Sorry if a tad off-topic - but whilst processing files in requests for endpoints isn’t available yet, is it possible to add a platform specific serverless function, that’s handled by the provider? eg. A platform specific endpoint not managed through SvelteKit (in my case a Vercel Serverless function). I haven’t checked but I assume they can support formdata being provided. I love the platform agnostic approach SK has, but as a temporary solution perhaps that could work until we have support in SK endpoints.

Alternative to this I guess is making a whole separate app/site in Vercel which is ‘vanilla’, purely to create the serverless function. None are great solutions, but I do kinda need the functionality!

yanick commented 2 years ago

Just to drop info to prevent some teeth-gnashing: the latest node-adapter versions renamed the produced middleware.js to handler.js. I'll try to update my example repo to reflect that soon. (@jack-y, that might be of interest to you too)

:heart:

jack-y commented 2 years ago

@yanick, thank you so much for letting me know! My example repo is also updated.

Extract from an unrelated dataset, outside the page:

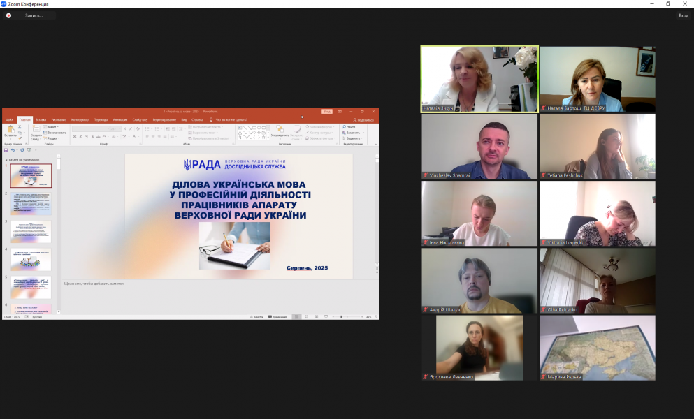 Із 26 до 28 серпня 2025 року в Дослідницькій службі відбулося навчання за спеціальною короткостроковою програмою підвищення кваліфікації «Ділова українська мова у професійній діяльності працівників Апарату Верховної Ради України» для народних депутатів України, працівників Апарату Верховної Ради України та помічників-консультантів народних депутатів України.

jack-y commented 2 years ago

I just created an example repo using FileReader and an endpoint. No FormData.
Beware: this IS NOT a solution for the initial issue. It's just a workaround that might help.

benmccann commented 2 years ago

@Rich-Harris your suggestions look pretty reasonable to me. The only question in my mind would be making sure we nail down the streaming API, which this seems to build on top of. There were some interesting use cases in that thread, so we might want to check if we can handle cancellation or jump around a video stream. The streaming portion is not my area of expertise, but the changes to the form API here look good to me.

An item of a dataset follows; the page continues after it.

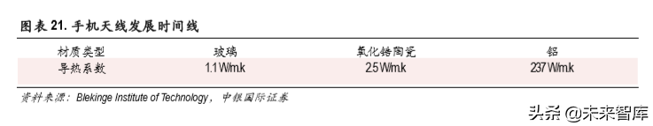 5G手机外观件变化造成散热难度增加。5G由于传输频段较高,为降低介电损耗,后盖材质需要从金 属向非金属转变。金属机壳时代,后盖是重要的热传导路径。由于玻璃等的导热能力远低于金属, 采用玻璃后盖后需要额外的散热设计。

quentincaffeino commented 2 years ago

@Rich-Harris

if the request's content-type is text/* or application/json, keep the existing behaviour (i.e. request.body contains text or a parsed JSON object) if the request's content-type is application/x-www-form-urlencoded or multipart/form-data, request.body is an async iterable, each of whose values represents one of the form values and is also an async iterable, whose values correspond to the actual data:

I don't really like having it hard-coded like that.

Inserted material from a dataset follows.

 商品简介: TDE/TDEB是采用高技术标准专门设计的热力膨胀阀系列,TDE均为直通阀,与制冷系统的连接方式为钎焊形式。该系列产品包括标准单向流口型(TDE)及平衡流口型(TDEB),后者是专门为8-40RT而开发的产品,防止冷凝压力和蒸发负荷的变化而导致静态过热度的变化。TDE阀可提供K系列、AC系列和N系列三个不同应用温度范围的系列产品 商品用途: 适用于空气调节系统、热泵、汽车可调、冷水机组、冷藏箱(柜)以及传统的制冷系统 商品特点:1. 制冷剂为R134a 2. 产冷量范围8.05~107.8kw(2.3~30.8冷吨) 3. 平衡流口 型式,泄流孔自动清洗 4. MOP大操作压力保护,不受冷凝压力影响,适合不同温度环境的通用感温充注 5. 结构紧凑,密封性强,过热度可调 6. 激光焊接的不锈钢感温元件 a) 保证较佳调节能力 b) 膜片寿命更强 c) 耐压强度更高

For example from personal experience with JSON I see two reasons why streaming might be useful:

  1. Processing large JSON inputs, this just isn't possible with regular JSON.parse or res.json. Yes having big jsons is very niche, but asynchronous parsing could speedup some apps.
  2. Semantic Web and JsonLD. This one is even more niche. One can parse JsonLD string into JS object with proxies of linked data. Problem is not every client sets the correct header. Since it's still a json many just use regular application/json instead of application/ld+json.

There most definitely other cases that I am missing. But generally speaking my point is that streaming any of the types of data could be useful.

My proposal would be and I believe I haven't seen this yet: is to leave it as is by default and export config object (or separate properties) from the endpoint, similar to how it's done on .svelte files (eg.: <svelte:options accessors={true}/>).

I imagine it looking something like this:

export const postConfig = {
    body: "default" | "raw" | "stream"
};

Reason I believe it is better to use an object is because this would allow other extensions to the config in the future (middlewares?).

Hope my idea isn't too crazy.

Edit:

Did a little research, turns out my proposal is similar to what Nextjs has. It allows to opt-out from body parsing: https://nextjs.org/docs/api-routes/api-middlewares#custom-config

Rich-Harris commented 2 years ago

@benmccann

There were some interesting use cases in that thread, so we might want to check if we can handle cancellation or jump around a video stream.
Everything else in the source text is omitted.